(Saved data entries)

━━━━

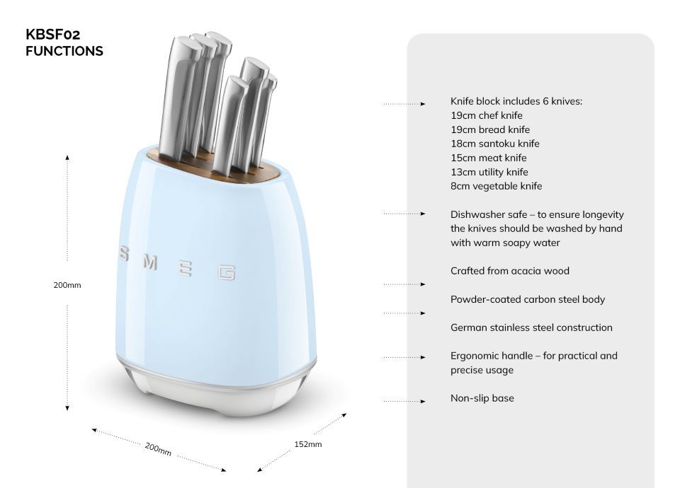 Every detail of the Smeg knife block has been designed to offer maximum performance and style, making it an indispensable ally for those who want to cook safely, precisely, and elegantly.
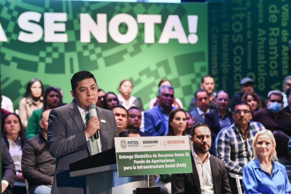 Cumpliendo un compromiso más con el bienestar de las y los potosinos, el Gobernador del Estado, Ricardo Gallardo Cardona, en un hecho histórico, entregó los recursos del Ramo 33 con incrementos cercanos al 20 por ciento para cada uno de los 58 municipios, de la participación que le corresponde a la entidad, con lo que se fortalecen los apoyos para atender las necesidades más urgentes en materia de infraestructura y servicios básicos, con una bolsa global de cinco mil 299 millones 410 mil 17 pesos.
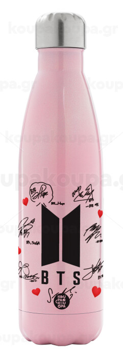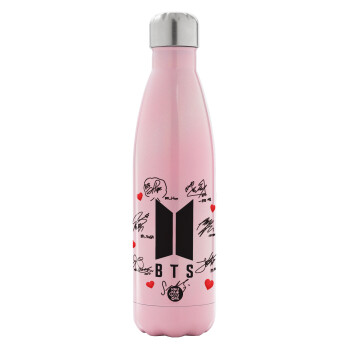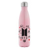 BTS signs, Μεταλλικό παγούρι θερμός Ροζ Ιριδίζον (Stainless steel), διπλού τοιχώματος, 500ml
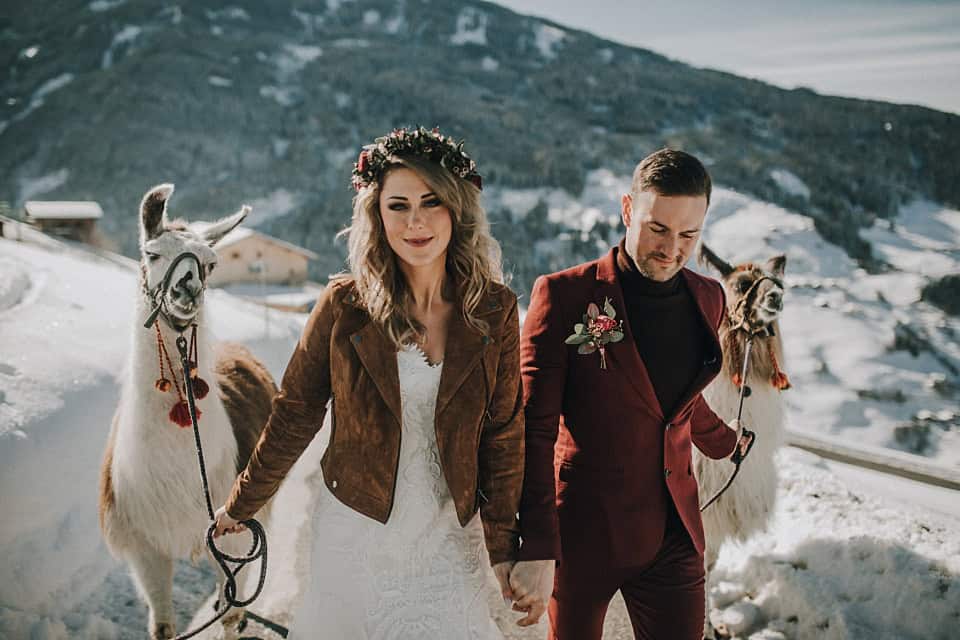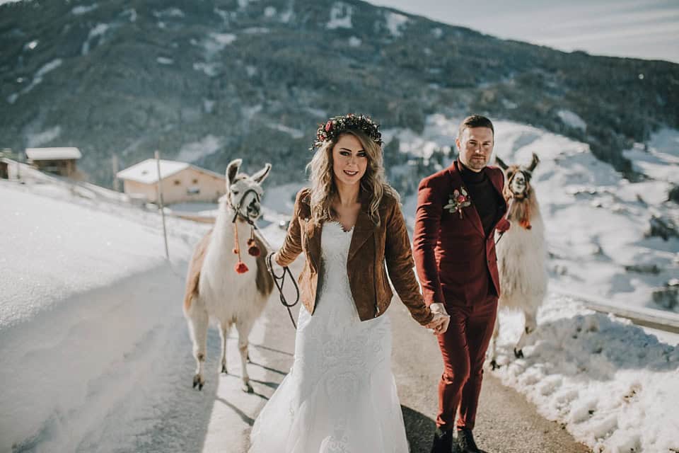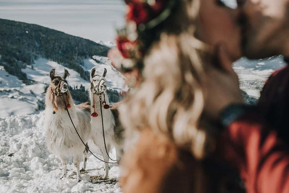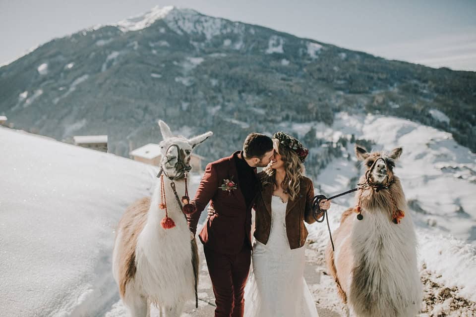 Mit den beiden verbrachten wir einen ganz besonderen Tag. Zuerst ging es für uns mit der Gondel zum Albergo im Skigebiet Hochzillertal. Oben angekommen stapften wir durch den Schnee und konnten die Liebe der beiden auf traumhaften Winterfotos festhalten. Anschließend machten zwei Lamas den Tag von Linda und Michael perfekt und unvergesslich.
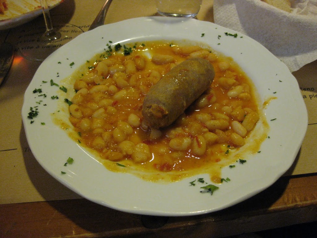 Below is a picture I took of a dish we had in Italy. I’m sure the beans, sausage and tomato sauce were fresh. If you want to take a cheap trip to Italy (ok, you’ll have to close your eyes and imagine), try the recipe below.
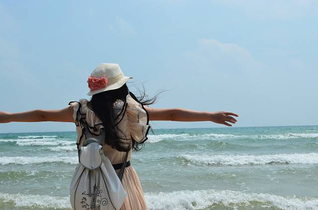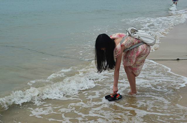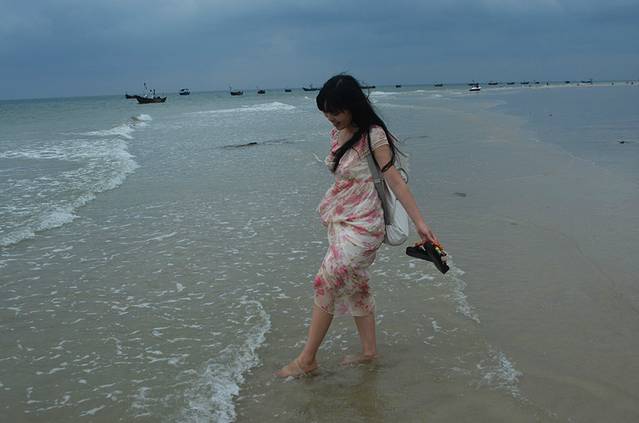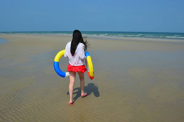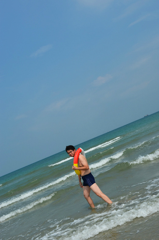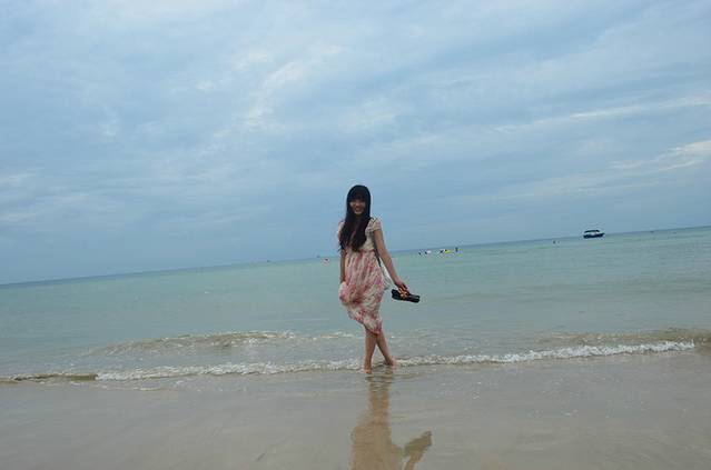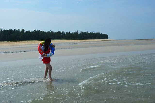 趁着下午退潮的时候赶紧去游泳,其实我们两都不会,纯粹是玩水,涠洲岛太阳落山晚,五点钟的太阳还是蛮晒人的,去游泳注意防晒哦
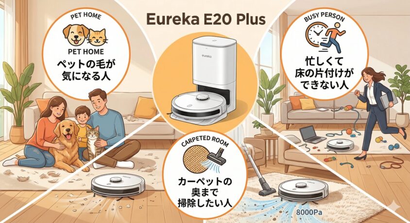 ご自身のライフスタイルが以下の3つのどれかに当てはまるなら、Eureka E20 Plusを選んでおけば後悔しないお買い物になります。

━━━━

The data above must be given again in full and unaltered, minus its images.

ANSWER SECTION ▸
 Every detail of the Smeg knife block has been designed to offer maximum performance and style, making it an indispensable ally for those who want to cook safely, precisely, and elegantly.
 Cumpliendo un compromiso más con el bienestar de las y los potosinos, el Gobernador del Estado, Ricardo Gallardo Cardona, en un hecho histórico, entregó los recursos del Ramo 33 con incrementos cercanos al 20 por ciento para cada uno de los 58 municipios, de la participación que le corresponde a la entidad, con lo que se fortalecen los apoyos para atender las necesidades más urgentes en materia de infraestructura y servicios básicos, con una bolsa global de cinco mil 299 millones 410 mil 17 pesos.
 BTS signs, Μεταλλικό παγούρι θερμός Ροζ Ιριδίζον (Stainless steel), διπλού τοιχώματος, 500ml
 Mit den beiden verbrachten wir einen ganz besonderen Tag. Zuerst ging es für uns mit der Gondel zum Albergo im Skigebiet Hochzillertal. Oben angekommen stapften wir durch den Schnee und konnten die Liebe der beiden auf traumhaften Winterfotos festhalten. Anschließend machten zwei Lamas den Tag von Linda und Michael perfekt und unvergesslich.
 Below is a picture I took of a dish we had in Italy. I’m sure the beans, sausage and tomato sauce were fresh. If you want to take a cheap trip to Italy (ok, you’ll have to close your eyes and imagine), try the recipe below.
 趁着下午退潮的时候赶紧去游泳,其实我们两都不会,纯粹是玩水,涠洲岛太阳落山晚,五点钟的太阳还是蛮晒人的,去游泳注意防晒哦
 ご自身のライフスタイルが以下の3つのどれかに当てはまるなら、Eureka E20 Plusを選んでおけば後悔しないお買い物になります。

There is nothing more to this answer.